The deal represents a resounding victory for high profile activist investor Carl Icahn who has been pushing for a split for months, although he appeared to have been satisfied with the place on the board he secured for ally David Dorman back in April, and has been suspiciously quiet since then.
It’s also a crushing defeat for eBay CEO Jon Donohoe, who until the deal was announced had resisted any proposal to demerge the two operations. But with PayPal’s $7.2bn annual revenues growing at 19% annually – twice the rate of eBay’s growth – pressure from less publicly-vocal shareholders has presumably become simply too great.
Donohoe is not expected to remain as CEO of Ebay – he will be replaced by Devin Wenig, currently head of eBay marketplaces, while Amex exec Dan Schulman will take over at PayPal. Donohoe is, however, reported as saying that he will still be on the boards of both businesses, post-spin off.
For its part eBay could make as much as $35bn on the deal. So, all well and good, a victory for shareholder action over a recalcitrant board.
And yet… The market for online payment into which an independent PayPal will re-emerge next year is very different from that which it left back in 2001. In those days PayPal was the only gig in town for retailers and customers alike looking for fast, safe and secure online payment. It was the original, and the best.
Even up until only a couple of years ago, although there was plenty of talk of an imminent mobile payments revolution, there wasn’t much action on the ground. PayPal, unfettered by the needs of its parent and let loose in those circumstances could really have cleaned up.

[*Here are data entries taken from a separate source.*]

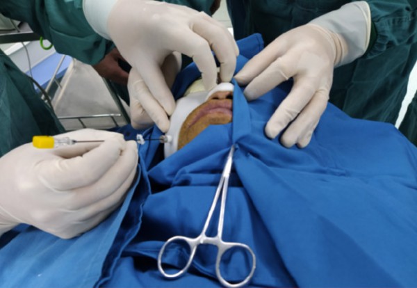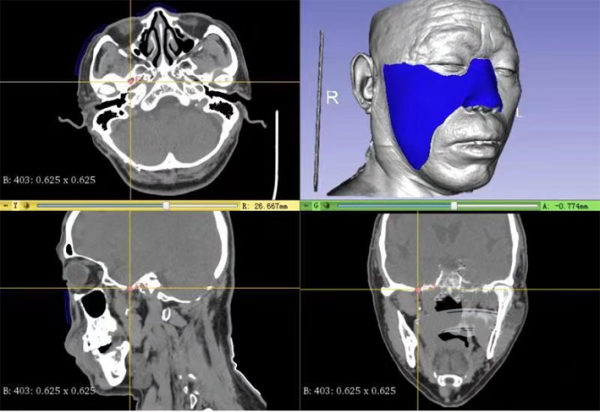 來自西安市63歲的張大爺,2015年在外院接受開顱三叉神經微血管減壓術,術後不久複發。最近一段時間,疼痛突然加劇,每天口服卡馬西平1000毫克,疼痛還是每天發作近10次,每次持續5至20秒,說話、吃飯時常常伴隨著劇烈疼痛,嚴重影響日常生活,遂來到西京醫院疼痛醫學中心就診。呂岩教授、顧楠博士團隊接診後,考慮到兩個因素:患者曾做過開顱手術可能出現瘢痕等術後改變;卵圓孔周圍解剖結構複雜,傳統X線、CT引導下穿刺位置及疼痛目標需要反複多次確認,容易造成周圍組織損傷,引起血腫甚至顱內出血、神經損傷、腦脊液外漏等並發症,經過反顧論證,最終決定借助3D技術,個體化定製手術導航係統,在該係統幫助下實施精準穿刺、治療。
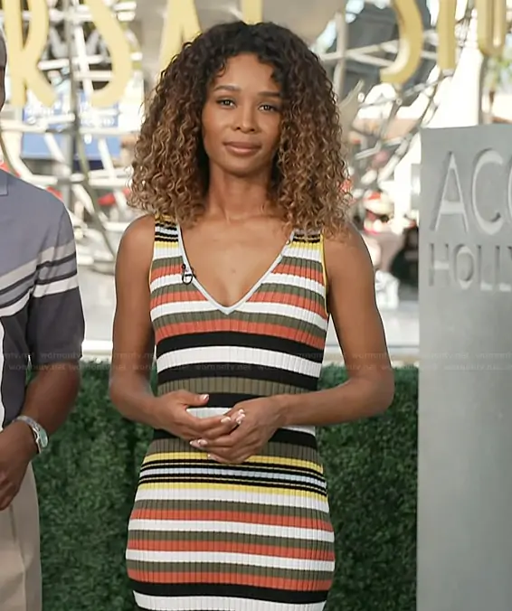 Zuri Hall on Access Hollywood on NBC was spotted wearing this striped v-neck dress on Access Hollywood on Nov 03 2025's episode. Zuri's Dress is the Bowie Striped V-Neck Midi-Dress by Toccin.
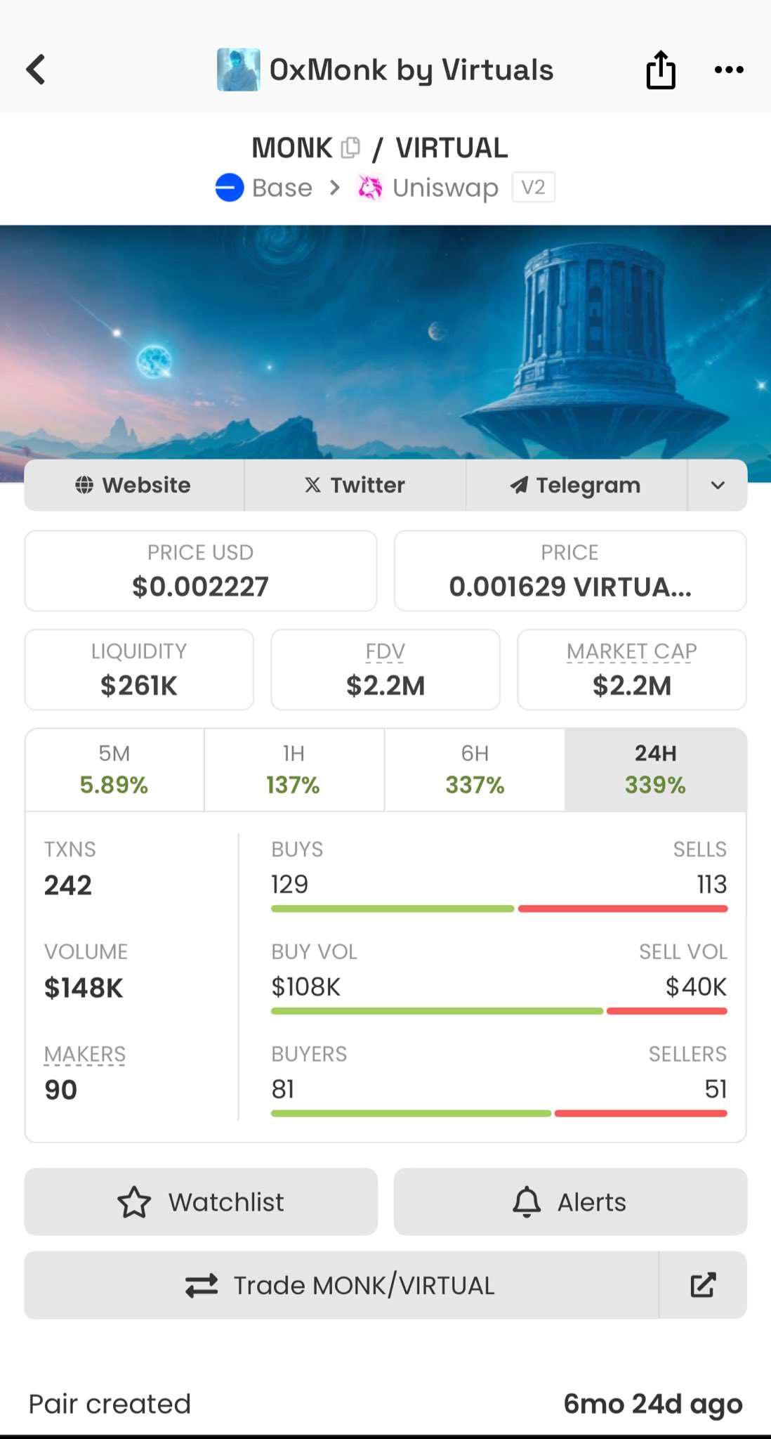 Wow, $MONK just pumped 339% and still sits at a $2M FDV. that’s nuts.
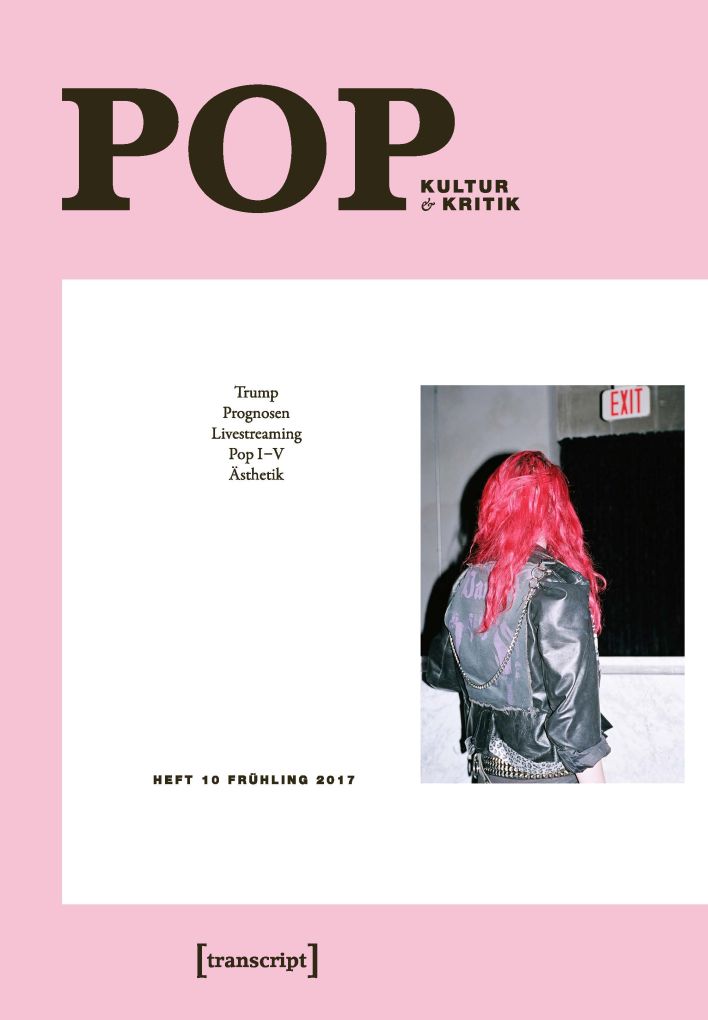 Nr. 10 (2017)Die vollständig illustrierte Paperback-Version der Zeitschrift »Pop. Kultur und Kritik« kann man über den Buchhandel oder auch direkt über den Verlag beziehen. Das Einzelheft kostet 16,80 Euro. Das Jahresabonnement (zwei Hefte: März- und Septemberausgabe) kostet in Deutschland 30 Euro, international 40 Euro (Bestellformular hier).
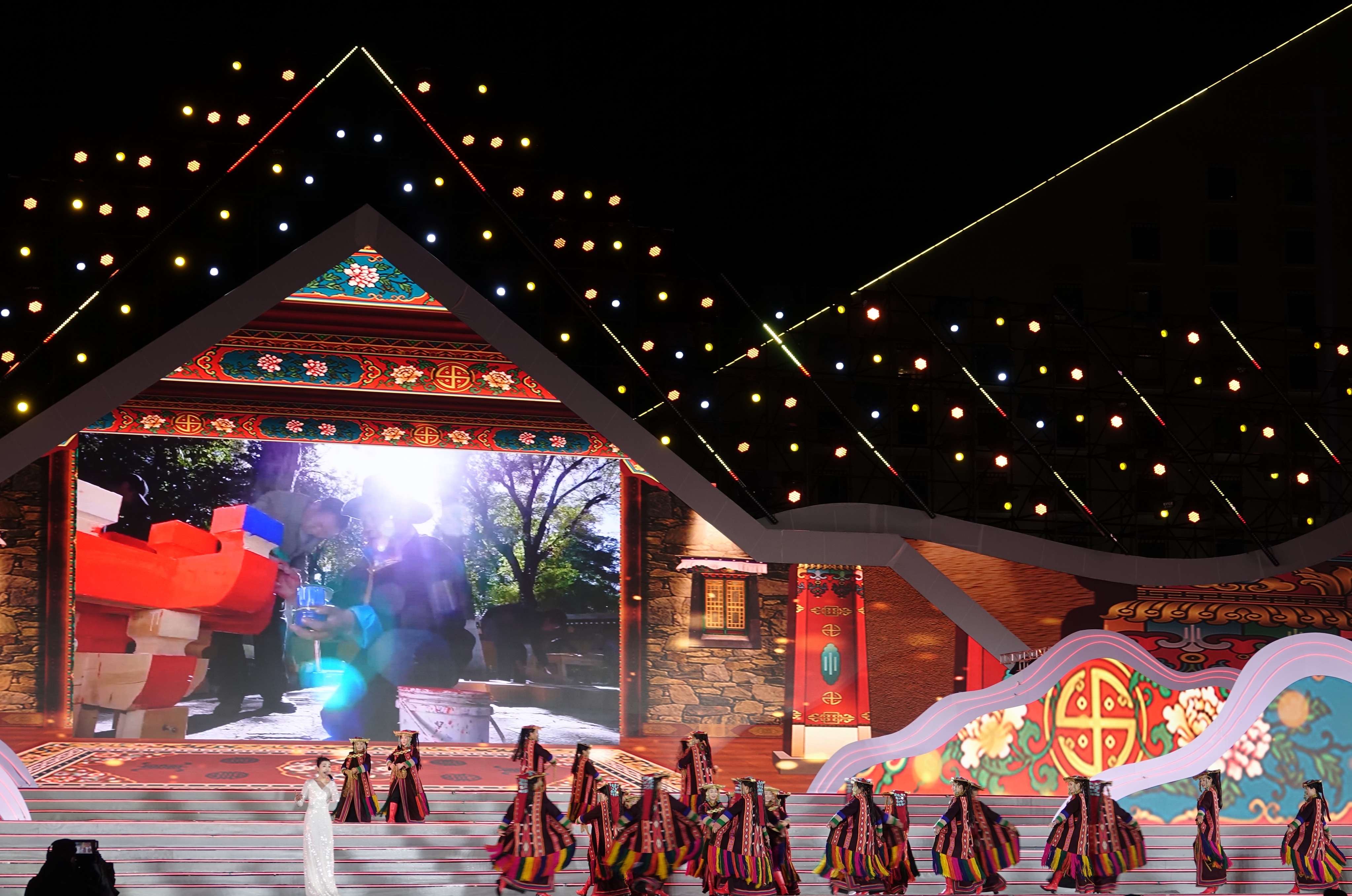 文藝演出《擁抱新西藏》在經(jīng)久不息的歡呼聲中開場。京劇《四郎探母》、藏戲《扎西雪巴》、粵劇《文成公主》選段,三種戲曲藝術跨界融合表演,充分展現(xiàn)了中華優(yōu)秀傳統(tǒng)文化的魅力,在文化的交融中飽含各族兒女對祖國母親的熱愛和眷戀之情。情景歌舞《我來了,西藏》《金色家園》《呀啦嗦》《幸福踏歌》等精彩節(jié)目,生動展現(xiàn)了新時代十年西藏各項事業(yè)取得的全方位進步、歷史性成就;《牽夢西藏》《心手相連》《云端上的納木措》《藍天下的祝福》《悅音飛揚》《飲酒歌》,充分展示了西藏自然風光之美、歷史人文之美、民族風情之美、包容開放之美,再次向世界發(fā)出真誠邀約,歡迎四面八方的朋友親近西藏、感悟西藏。
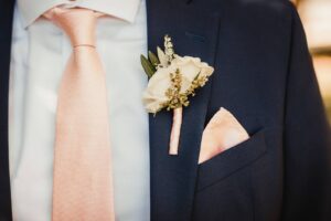 DESCRIBE YOUR WEDDING ATTIRE: Our wedding attire was true to our personalities – comfortable yet stylish, and my dress was flowy and romantic. Myles loves blue, so of course, he had to wear a blue suit, and I wanted to ensure my look was timeless, organic, and soft.
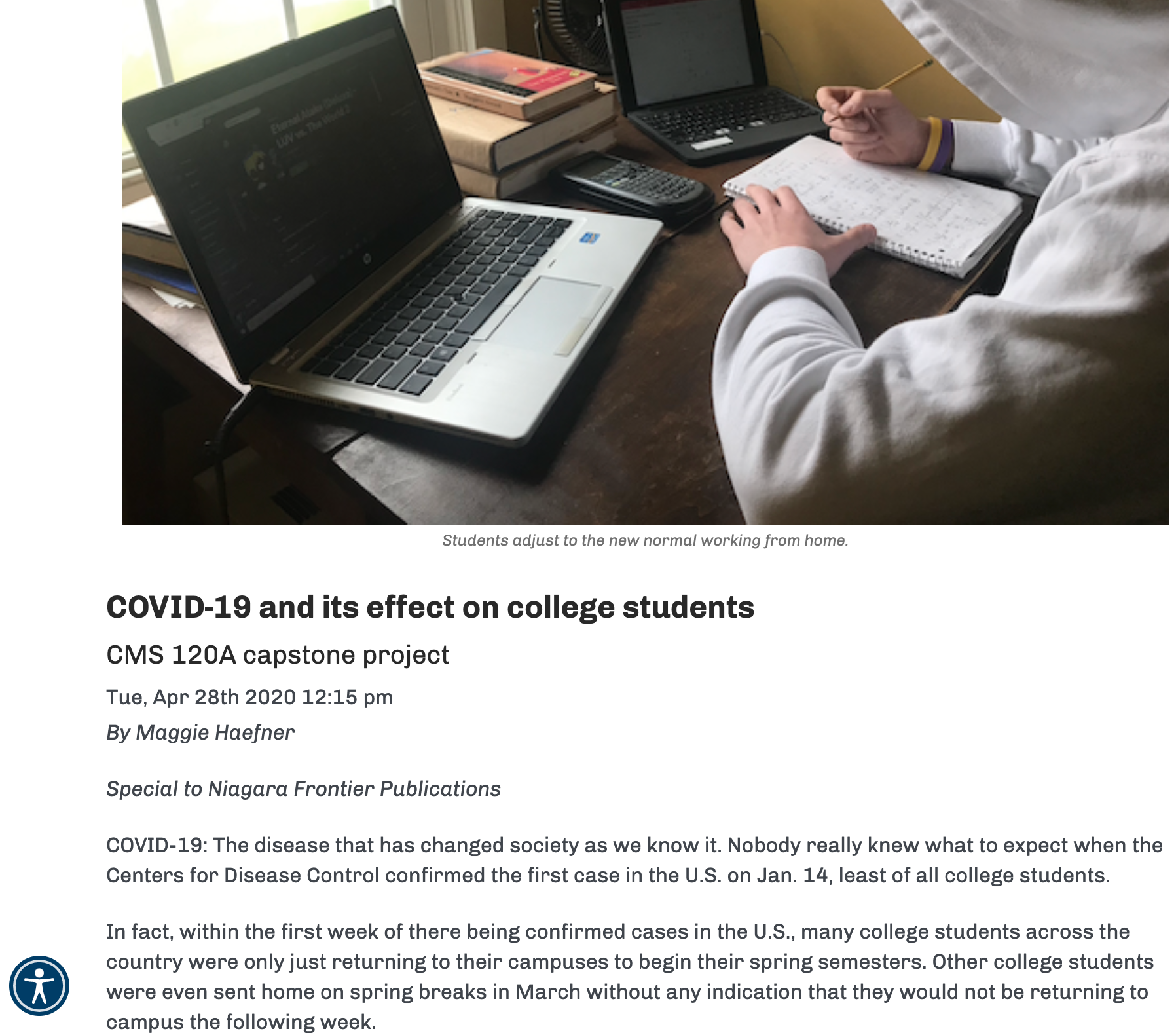 This is an article on the Niagara Frontier Publications website discussing the impact that the COVID-19 pandemic has had on college students. This article discusses many of the struggles that college students are facing. This article is significant to me because it lists many of the struggles that I am facing as a college student. One of the challenges I am facing is the uncertainty of everything, and not knowing whether my education may be affected in the future. It is difficult to enroll in classes for the next semester without knowing whether they will be online or on campus. #CSUS #HIST15H
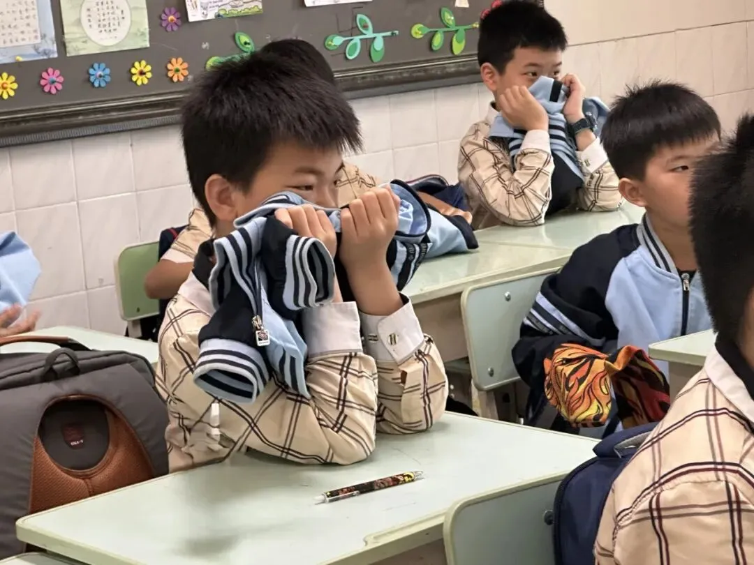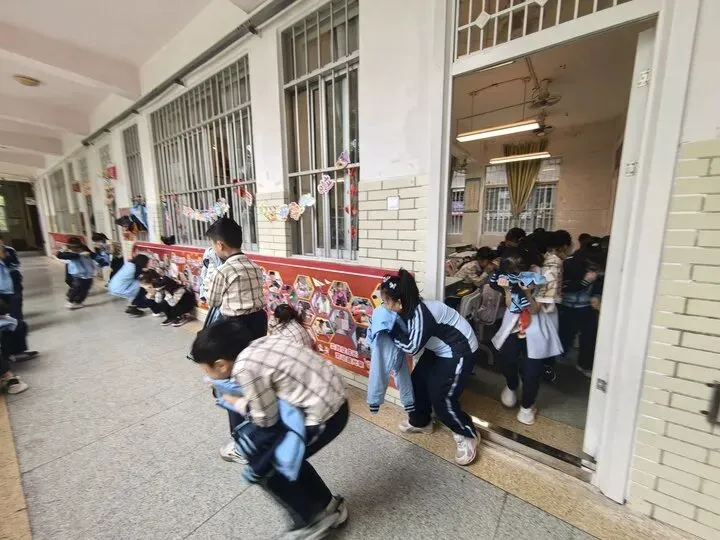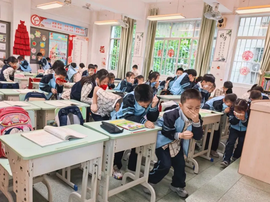 随后,校园通过广播发出避险提醒,模拟教室内电器短路起火场景。随着指令下达,各班班主任迅速发出避险口令,组织学生用湿毛巾折叠3至4层捂住口鼻,弯腰低头,沿预定路线快速有序疏散至教室外走廊安全区域。整个过程中,师生配合默契,行动迅速。同时,针对体弱或行动不便的学生,副班主任全程陪护帮扶,确保无一人遗漏。
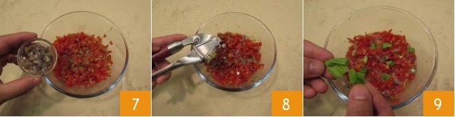 and add them to the tomato salad 7. Also add half the garlic clove, after crushing it 8, and the basil leaves, torn with your hands 9.
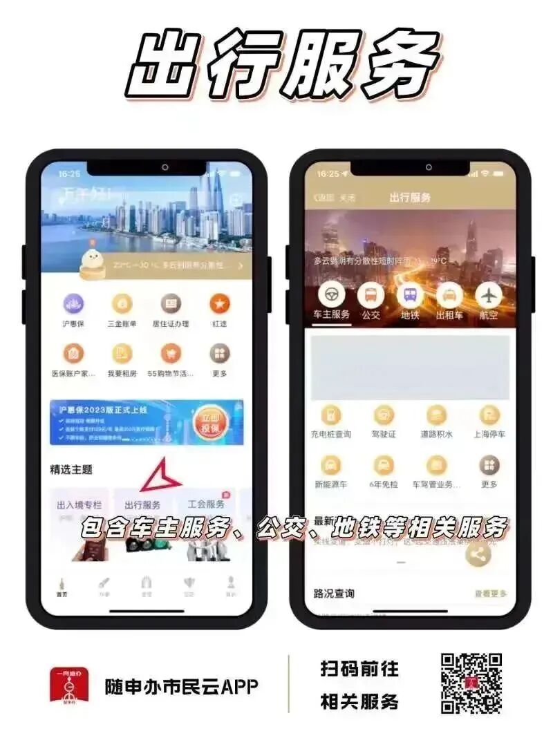 “随申办市民云”APP【出行服务】专区,还包括公交到站实时查询、航空、景点热力图等服务,快扫描下方二维码,解锁更多实用服务吧
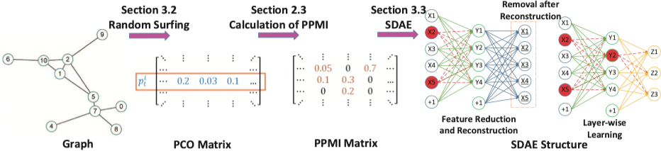 模型首先利用 Random Surfing 得到一个概率共现(PCO)矩阵,之后利用其计算得到 PPMI 矩阵,最后利用 SDAE 进行特征提取得到节点的向量表示。
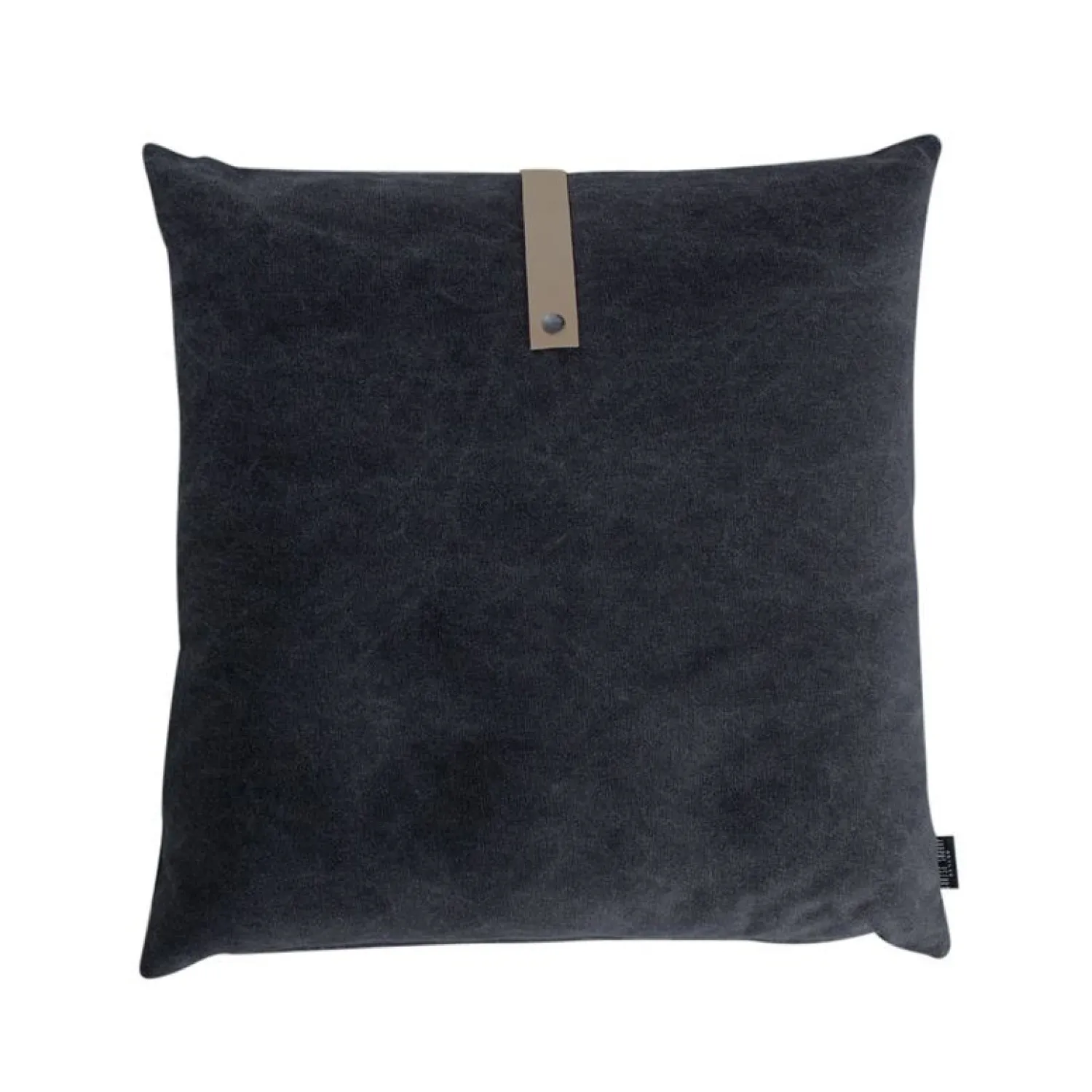 Denne pude er designet med 2 forskellige farver stof. På den ene side er der en lys grå, og på den anden side er der en mørkere grå farve.
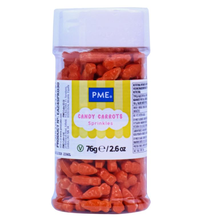 Strössel i form av orangea morötter från PME. Perfekta för att dekorera morotskakor, tårtor och andra bakverk med en festlig touch. De ätbara sockermorötterna levereras i en praktisk burk, redo att strös över dina skapelser!
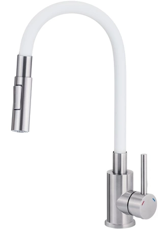 Deante Luno Bateria Kuchenna z Elastyczną Wylewką Biała BOC W740
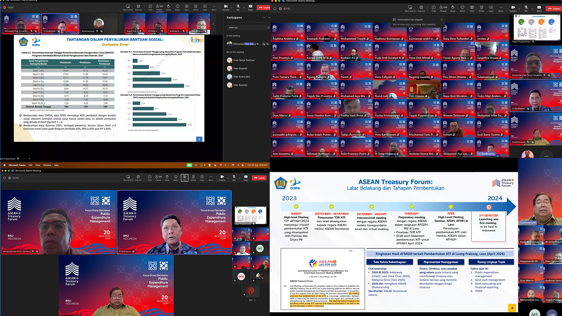 Pada forum tersebut, Direktur Pelaksanaan Anggaran Tri Budhianto menyampaikan paparan isu strategis treasury terkait pengelolaan belanja publik (Public Expenditure Management) yang menjadi fokus utama dalam mendukung program-program perlindungan sosial (perlinsos) di negara-negara ASEAN. Dengan capaian yang telah diperoleh Indonesia dalam pengelolaan perlinsos, Direktur Pelaksanaan Anggaran mengungkapkan masih terdapat beberapa tantangan dalam pengelolaan belanja publik khususnya terkait ketepatan sasaran penerima bantuan sosial.
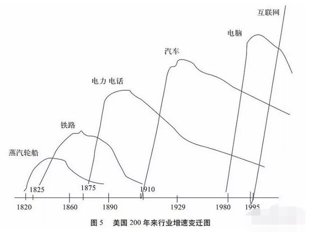 上图,是美国 200 年来行业增速变迁图,描述了从1820年的蒸汽轮船到1995年的互联网在内的,几大行业的变化趋势。国内的行业发展趋势与美国类似,但稍稍滞后几年。每一个行业的增速,均经历了增长、见顶、缓慢下降的阶段。

It is going to find it much harder to do that in 2015, a year in which, thanks to competition from a range of eager new offerings – the likes of Square, Google Wallet and the freshly announced ApplePay to name but three – payment looks set to be a fiercely-contested battleground.
Even so it is hard to claim that PayPal, with its 152 million active users in over 200 countries, has missed the boat. But all those comfortable years spent effectively as eBay’s payment processing unit must have blunted its potential.
Regular users will have noticed a belated effort to broaden PayPal’s user base by eBay – the ‘Pay with PayPal’ icon is popping up in many more places now than it was. But if a similar push had been made rather more than 18 months ago, how much greater might its penetration have been by now?
It’s hard not to conclude that eBay’s abrupt change of heart over spinning off the business has come at least three years too late for the best interests of PayPal.